What the exercise asks
In the entries below, find the line with "深入宿舍,关切员工,解决同学" and the line with "为引导青年学生深入了解西部计"; give again those lines and every line between them, exactly.

(Items from a dataset)
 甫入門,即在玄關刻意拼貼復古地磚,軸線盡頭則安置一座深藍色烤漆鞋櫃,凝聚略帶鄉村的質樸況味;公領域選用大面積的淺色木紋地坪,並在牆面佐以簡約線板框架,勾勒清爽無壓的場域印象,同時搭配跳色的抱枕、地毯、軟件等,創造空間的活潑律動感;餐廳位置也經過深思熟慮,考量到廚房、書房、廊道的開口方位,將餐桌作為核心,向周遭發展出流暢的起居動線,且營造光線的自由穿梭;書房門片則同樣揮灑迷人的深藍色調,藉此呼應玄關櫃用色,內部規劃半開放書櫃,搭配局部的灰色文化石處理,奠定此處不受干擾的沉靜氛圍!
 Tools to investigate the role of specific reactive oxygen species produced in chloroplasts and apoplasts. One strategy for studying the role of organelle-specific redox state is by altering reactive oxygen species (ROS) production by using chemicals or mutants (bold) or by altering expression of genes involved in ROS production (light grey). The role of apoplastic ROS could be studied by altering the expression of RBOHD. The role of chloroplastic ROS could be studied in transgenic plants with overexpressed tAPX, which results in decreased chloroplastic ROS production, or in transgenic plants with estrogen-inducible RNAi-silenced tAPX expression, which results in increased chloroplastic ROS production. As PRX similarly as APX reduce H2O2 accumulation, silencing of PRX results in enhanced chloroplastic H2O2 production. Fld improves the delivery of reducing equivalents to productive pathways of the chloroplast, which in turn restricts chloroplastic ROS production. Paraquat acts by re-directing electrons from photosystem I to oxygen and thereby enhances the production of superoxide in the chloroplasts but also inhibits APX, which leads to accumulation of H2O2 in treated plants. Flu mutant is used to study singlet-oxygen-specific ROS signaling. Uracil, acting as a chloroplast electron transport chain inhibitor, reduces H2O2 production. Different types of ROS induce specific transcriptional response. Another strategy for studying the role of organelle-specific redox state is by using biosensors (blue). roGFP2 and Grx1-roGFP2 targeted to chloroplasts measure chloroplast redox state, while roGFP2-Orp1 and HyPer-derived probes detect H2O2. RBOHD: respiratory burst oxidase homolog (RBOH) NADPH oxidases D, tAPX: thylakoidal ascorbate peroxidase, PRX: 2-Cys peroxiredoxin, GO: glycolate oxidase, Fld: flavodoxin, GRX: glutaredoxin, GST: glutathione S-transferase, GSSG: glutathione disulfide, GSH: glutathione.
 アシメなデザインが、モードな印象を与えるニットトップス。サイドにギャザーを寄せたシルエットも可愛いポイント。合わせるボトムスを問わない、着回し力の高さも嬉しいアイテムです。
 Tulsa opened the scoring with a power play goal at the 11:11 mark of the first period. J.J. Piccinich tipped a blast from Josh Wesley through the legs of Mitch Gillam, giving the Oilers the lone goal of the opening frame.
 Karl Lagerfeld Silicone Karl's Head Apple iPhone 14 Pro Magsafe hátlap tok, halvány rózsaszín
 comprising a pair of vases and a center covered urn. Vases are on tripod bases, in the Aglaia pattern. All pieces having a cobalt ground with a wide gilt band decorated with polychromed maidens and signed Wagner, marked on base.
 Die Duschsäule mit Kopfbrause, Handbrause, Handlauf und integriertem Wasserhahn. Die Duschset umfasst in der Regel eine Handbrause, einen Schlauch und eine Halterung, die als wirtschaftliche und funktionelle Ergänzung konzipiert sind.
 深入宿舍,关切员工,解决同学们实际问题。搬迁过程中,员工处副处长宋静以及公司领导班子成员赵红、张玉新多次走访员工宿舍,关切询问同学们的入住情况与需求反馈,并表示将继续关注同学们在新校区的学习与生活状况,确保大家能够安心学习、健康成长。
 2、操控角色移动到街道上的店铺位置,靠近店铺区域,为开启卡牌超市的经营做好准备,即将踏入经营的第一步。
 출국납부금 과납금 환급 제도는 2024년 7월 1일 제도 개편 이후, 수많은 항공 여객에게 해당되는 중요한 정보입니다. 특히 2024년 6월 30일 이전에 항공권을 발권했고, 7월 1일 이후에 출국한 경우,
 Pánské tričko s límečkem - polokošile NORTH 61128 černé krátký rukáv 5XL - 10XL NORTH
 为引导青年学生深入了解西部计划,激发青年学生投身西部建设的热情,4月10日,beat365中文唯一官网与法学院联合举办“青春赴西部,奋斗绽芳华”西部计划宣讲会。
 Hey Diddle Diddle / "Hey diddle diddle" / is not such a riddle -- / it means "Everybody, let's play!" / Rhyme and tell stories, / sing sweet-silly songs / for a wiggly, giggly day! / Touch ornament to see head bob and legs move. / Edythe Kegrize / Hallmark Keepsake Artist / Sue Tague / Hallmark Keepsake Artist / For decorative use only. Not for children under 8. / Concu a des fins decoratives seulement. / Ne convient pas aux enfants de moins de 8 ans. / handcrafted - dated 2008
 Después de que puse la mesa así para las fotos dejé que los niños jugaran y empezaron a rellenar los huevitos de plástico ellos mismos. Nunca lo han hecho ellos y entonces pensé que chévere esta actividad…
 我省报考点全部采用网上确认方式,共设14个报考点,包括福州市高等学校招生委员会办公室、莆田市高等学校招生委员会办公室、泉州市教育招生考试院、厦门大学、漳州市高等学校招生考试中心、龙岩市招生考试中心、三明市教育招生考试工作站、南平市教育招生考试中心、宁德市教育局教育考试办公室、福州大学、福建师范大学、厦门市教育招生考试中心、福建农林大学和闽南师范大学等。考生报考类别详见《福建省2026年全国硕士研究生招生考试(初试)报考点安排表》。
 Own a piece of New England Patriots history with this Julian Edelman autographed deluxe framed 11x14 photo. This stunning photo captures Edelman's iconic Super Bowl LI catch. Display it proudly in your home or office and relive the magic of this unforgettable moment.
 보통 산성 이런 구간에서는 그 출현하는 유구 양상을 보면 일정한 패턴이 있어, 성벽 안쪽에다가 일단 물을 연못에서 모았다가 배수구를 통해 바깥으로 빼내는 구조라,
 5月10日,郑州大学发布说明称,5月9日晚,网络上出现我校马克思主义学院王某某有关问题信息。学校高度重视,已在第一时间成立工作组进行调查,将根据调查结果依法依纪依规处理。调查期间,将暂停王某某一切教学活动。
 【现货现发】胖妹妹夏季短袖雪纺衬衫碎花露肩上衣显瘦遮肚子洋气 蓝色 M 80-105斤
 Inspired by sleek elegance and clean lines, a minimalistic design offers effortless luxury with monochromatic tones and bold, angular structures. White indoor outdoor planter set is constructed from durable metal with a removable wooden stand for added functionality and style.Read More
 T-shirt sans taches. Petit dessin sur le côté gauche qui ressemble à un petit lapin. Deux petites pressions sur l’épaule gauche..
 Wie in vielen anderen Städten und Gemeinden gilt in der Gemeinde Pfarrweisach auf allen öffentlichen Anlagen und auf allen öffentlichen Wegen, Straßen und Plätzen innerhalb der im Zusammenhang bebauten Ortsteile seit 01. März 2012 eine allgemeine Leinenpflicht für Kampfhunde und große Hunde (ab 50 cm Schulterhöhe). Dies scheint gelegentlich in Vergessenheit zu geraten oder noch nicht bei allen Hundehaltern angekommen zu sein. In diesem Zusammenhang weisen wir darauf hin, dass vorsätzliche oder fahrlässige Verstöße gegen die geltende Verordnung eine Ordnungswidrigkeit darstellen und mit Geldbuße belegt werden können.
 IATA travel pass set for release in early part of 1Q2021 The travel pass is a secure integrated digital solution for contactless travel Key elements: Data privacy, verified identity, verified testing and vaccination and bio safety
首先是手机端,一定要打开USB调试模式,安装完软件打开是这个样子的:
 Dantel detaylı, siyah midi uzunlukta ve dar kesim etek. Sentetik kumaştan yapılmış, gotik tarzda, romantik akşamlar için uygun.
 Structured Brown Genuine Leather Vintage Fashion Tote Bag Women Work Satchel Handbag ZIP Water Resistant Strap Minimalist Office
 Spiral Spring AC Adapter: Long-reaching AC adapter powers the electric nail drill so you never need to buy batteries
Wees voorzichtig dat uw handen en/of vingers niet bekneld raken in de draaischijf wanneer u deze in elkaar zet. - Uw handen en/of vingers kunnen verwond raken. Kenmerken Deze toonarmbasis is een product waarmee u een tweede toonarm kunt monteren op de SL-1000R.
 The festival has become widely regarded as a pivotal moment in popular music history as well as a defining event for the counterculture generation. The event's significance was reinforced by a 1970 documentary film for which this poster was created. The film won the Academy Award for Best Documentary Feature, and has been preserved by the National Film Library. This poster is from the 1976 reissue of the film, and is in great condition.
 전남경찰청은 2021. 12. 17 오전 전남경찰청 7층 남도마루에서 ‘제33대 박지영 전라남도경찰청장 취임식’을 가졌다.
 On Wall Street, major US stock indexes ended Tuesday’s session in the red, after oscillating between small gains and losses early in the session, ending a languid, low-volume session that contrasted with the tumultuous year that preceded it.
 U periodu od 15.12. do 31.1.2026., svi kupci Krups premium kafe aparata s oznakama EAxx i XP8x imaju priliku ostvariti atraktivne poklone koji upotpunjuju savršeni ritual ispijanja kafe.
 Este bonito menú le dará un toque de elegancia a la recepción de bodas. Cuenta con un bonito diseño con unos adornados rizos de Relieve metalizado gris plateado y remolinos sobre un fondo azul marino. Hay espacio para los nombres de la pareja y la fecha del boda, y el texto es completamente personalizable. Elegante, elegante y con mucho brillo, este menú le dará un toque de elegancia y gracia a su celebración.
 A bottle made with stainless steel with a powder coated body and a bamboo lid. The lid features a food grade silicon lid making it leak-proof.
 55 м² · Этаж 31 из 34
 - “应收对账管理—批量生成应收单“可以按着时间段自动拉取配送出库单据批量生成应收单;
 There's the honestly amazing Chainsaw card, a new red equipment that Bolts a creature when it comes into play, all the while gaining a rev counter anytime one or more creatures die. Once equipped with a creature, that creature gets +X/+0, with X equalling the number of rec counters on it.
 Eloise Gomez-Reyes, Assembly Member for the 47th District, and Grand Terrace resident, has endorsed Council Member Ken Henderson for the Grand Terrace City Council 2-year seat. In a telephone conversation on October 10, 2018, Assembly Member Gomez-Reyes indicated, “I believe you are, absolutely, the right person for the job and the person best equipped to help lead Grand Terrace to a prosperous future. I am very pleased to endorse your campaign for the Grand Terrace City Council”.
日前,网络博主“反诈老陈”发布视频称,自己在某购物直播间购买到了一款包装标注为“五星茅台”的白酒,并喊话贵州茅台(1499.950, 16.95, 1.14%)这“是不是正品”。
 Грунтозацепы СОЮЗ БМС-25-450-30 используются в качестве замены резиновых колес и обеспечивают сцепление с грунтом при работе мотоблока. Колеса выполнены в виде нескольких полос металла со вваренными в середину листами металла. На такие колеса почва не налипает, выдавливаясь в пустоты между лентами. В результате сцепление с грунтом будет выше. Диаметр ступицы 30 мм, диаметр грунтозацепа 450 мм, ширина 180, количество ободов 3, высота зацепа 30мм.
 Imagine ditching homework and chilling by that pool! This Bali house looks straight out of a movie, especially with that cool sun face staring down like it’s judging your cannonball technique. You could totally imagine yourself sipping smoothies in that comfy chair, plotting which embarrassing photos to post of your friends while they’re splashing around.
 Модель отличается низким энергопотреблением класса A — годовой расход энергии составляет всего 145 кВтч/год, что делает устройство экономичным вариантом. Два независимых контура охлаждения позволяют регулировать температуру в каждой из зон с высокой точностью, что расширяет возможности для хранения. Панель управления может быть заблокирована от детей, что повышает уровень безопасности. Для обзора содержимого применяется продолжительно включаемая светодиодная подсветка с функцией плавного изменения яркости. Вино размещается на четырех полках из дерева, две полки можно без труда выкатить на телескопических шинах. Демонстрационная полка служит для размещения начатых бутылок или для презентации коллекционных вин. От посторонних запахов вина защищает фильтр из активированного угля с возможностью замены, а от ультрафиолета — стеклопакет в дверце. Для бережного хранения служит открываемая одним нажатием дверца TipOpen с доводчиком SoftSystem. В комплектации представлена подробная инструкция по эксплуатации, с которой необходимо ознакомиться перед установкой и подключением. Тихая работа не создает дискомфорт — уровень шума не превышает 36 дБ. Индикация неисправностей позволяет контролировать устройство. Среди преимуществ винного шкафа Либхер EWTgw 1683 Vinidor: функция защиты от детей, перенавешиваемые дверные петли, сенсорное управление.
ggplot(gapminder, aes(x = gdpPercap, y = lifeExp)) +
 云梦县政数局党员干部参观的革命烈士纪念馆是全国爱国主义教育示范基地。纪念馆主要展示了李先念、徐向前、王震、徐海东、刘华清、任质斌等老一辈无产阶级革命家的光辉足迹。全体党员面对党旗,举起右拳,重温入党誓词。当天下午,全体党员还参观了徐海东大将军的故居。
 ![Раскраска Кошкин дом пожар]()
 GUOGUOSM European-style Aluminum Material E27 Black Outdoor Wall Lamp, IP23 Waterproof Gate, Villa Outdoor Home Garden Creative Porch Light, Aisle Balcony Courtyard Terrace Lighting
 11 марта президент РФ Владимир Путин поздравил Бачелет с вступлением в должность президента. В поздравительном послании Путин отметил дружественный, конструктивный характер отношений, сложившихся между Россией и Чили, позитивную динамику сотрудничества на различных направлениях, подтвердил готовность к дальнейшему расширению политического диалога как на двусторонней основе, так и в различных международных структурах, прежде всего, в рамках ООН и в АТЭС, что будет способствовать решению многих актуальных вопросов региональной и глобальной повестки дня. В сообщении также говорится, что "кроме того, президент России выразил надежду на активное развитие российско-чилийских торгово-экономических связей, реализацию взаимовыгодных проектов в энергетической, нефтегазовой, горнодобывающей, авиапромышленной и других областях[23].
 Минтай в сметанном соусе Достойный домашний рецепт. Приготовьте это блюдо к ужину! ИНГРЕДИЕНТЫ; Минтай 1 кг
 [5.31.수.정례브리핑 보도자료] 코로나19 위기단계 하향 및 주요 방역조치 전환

Completed task
 深入宿舍,关切员工,解决同学们实际问题。搬迁过程中,员工处副处长宋静以及公司领导班子成员赵红、张玉新多次走访员工宿舍,关切询问同学们的入住情况与需求反馈,并表示将继续关注同学们在新校区的学习与生活状况,确保大家能够安心学习、健康成长。
 2、操控角色移动到街道上的店铺位置,靠近店铺区域,为开启卡牌超市的经营做好准备,即将踏入经营的第一步。
 출국납부금 과납금 환급 제도는 2024년 7월 1일 제도 개편 이후, 수많은 항공 여객에게 해당되는 중요한 정보입니다. 특히 2024년 6월 30일 이전에 항공권을 발권했고, 7월 1일 이후에 출국한 경우,
 Pánské tričko s límečkem - polokošile NORTH 61128 černé krátký rukáv 5XL - 10XL NORTH
 为引导青年学生深入了解西部计划,激发青年学生投身西部建设的热情,4月10日,beat365中文唯一官网与法学院联合举办“青春赴西部,奋斗绽芳华”西部计划宣讲会。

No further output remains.